A partir daí senti nascer em mim uma legítima necessidade de encontrar respostas para minha crise existencial por meio da prática religiosa. Passei a visitar igrejas evangélicas, católicas e grupos espíritas, em busca de práticas e ensinamentos com os quais eu me identificaria, mas que nem eu mesma ainda sabia o que seria.

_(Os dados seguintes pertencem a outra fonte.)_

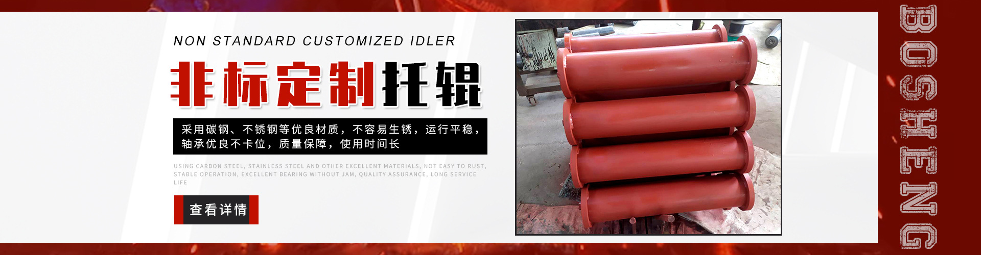 泰安博晟礦山機(jī)械有限公司位于山東泰安新泰市汶南鎮(zhèn)陳糧村。緊鄰京滬、京福、萊新高速公路。公路交通極為方便,環(huán)境優(yōu)美。公司主要生產(chǎn):托輥、托輥配件、托輥支架等皮帶輸送機(jī)配件。歡迎各界商友前來(lái)洽談考察。聯(lián)系電話:13954880316.   泰安博晟礦山機(jī)械有限公司采用國(guó)際標(biāo)準(zhǔn)設(shè)計(jì)、制造技術(shù),將托輥的設(shè)計(jì)和制造提高到了一個(gè)更高的水平,生產(chǎn)的托輥具有小的旋轉(zhuǎn)阻力,長(zhǎng)的壽命,小的維修工作量和高的承載能力。鋼管采用托輥專用高頻焊管,管內(nèi)做去刺處理,圓度控制在特殊的公差范圍之內(nèi)。軸是按標(biāo)準(zhǔn)公差加工的冷拉鋼制造。軸承座采用進(jìn)口冷扎鋼板經(jīng)多次工藝沖壓而成。托輥管和軸承座被自動(dòng)焊接機(jī)械手焊接在一起,形成一個(gè)具有很高強(qiáng)度的整體構(gòu)造。托輥軸承采用國(guó)內(nèi)外知名品牌的大游隙深溝球雙密封軸承,使托輥具有理想的靜平衡和動(dòng)平衡,其旋轉(zhuǎn)阻力優(yōu)于國(guó)標(biāo)。托輥密封采用綜合國(guó)外和國(guó)內(nèi)迷宮式密封的特點(diǎn)進(jìn)行了專門設(shè)計(jì),內(nèi)充耐高速高溫和超低溫抗氧化鋰基酯,有效防止雜質(zhì)、水、空氣對(duì)托輥內(nèi)部的侵蝕。   目前我們托輥系列產(chǎn)品有槽形上調(diào)心托輥組、槽形托輥、槽形下調(diào)心托輥組、承載托輥、緩沖托輥、回程托輥組、螺旋托輥、摩擦上調(diào)心托輥組、平行緩沖托輥組、平行上調(diào)心托輥、礦用托輥、煤礦專用托輥、梳型托輥、樹脂托輥、陶瓷托輥、橡膠托輥、錐形托輥、立輥等。規(guī)格:直徑50-219mm;長(zhǎng)度190-2600mm。   泰安博晟礦山機(jī)械有限公司竭誠(chéng)愿與廣大客戶合作,共同發(fā)展開發(fā)新技術(shù)新項(xiàng)目。泰安博晟礦山機(jī)械有限公司秉承
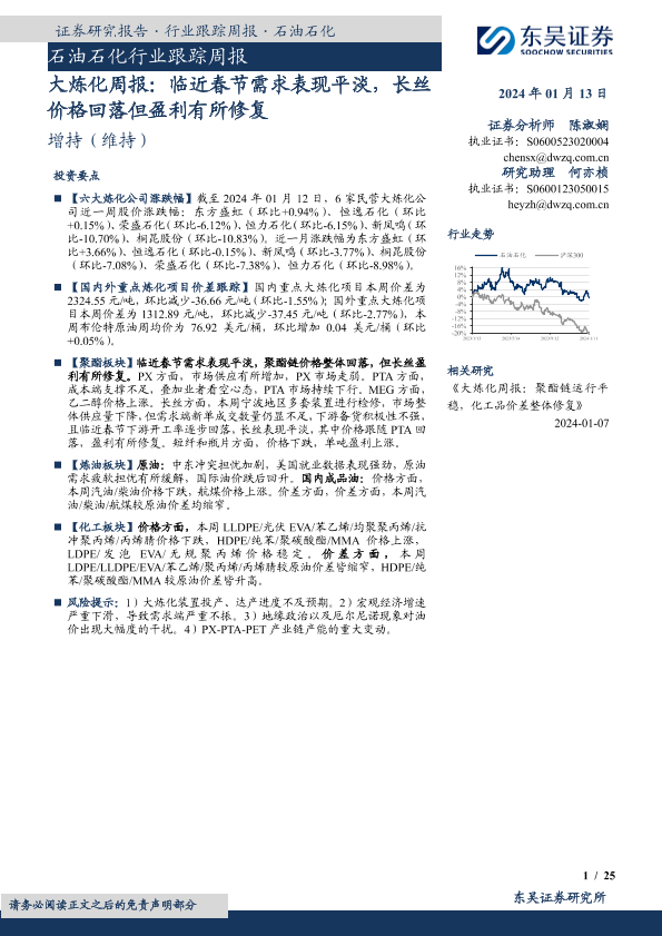 【东吴证券】【20240113】大炼化周报:临近春节需求表现平淡,长丝价格回落但盈利有所修复-25页
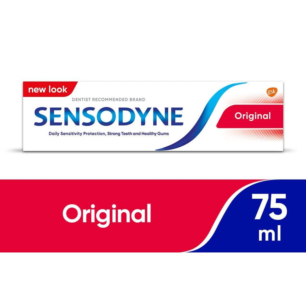 Sensodyne Toothpaste Original 75ml is designed for sensitive teeth, offering relief from sensitivity and promoting oral health. It features NovaMin technology for protection and repair, with a mint flavor for freshness.
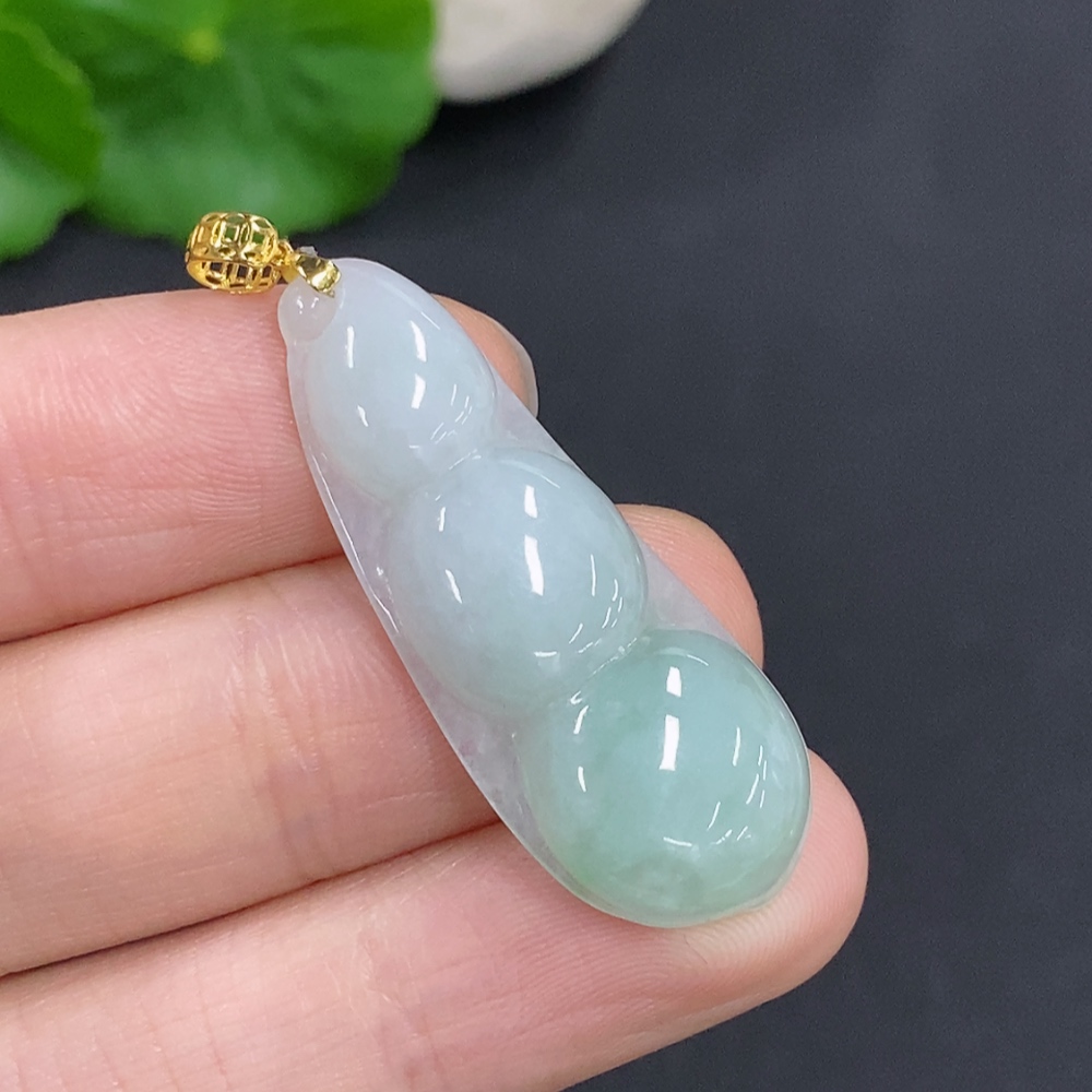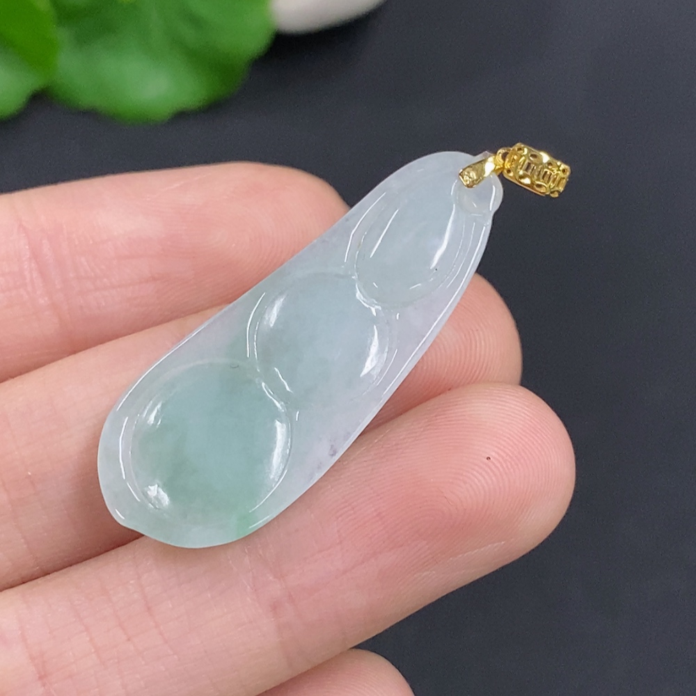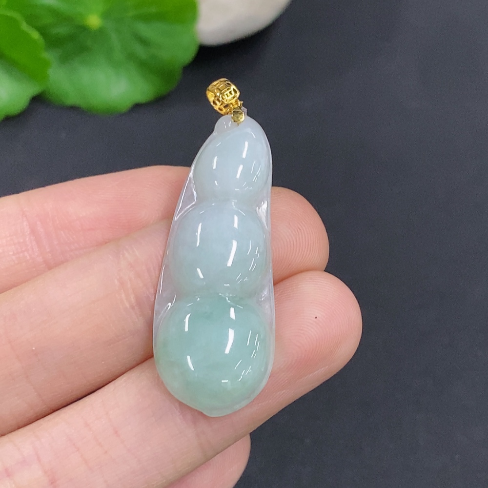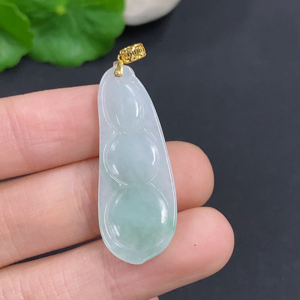 Jadeite Lucky Bean Pendant Total Weight Approx.4.69g 18k Gold Clasp

E foi então que recebi o convite da minha amiga para conhecer o grupo budista.

No dia marcado, entramos numa pequena sala de um edifício comercial estabelecida no centro da cidade e me deparei com uma cena inédita para mim: um grupo de pessoas sentadas no chão em cima de tapetes e almofadas aguardando o início da reunião.

Para minha surpresa, senti imediatamente uma forte conexão com aquelas pessoas e muito confortável com a dinâmica do grupo que consistia em ler escritos budistas de variadas tradições, seguido de debates, alguns pequenos rituais e intervalos de meditação silenciosa de 1 a 3 minutos, no máximo.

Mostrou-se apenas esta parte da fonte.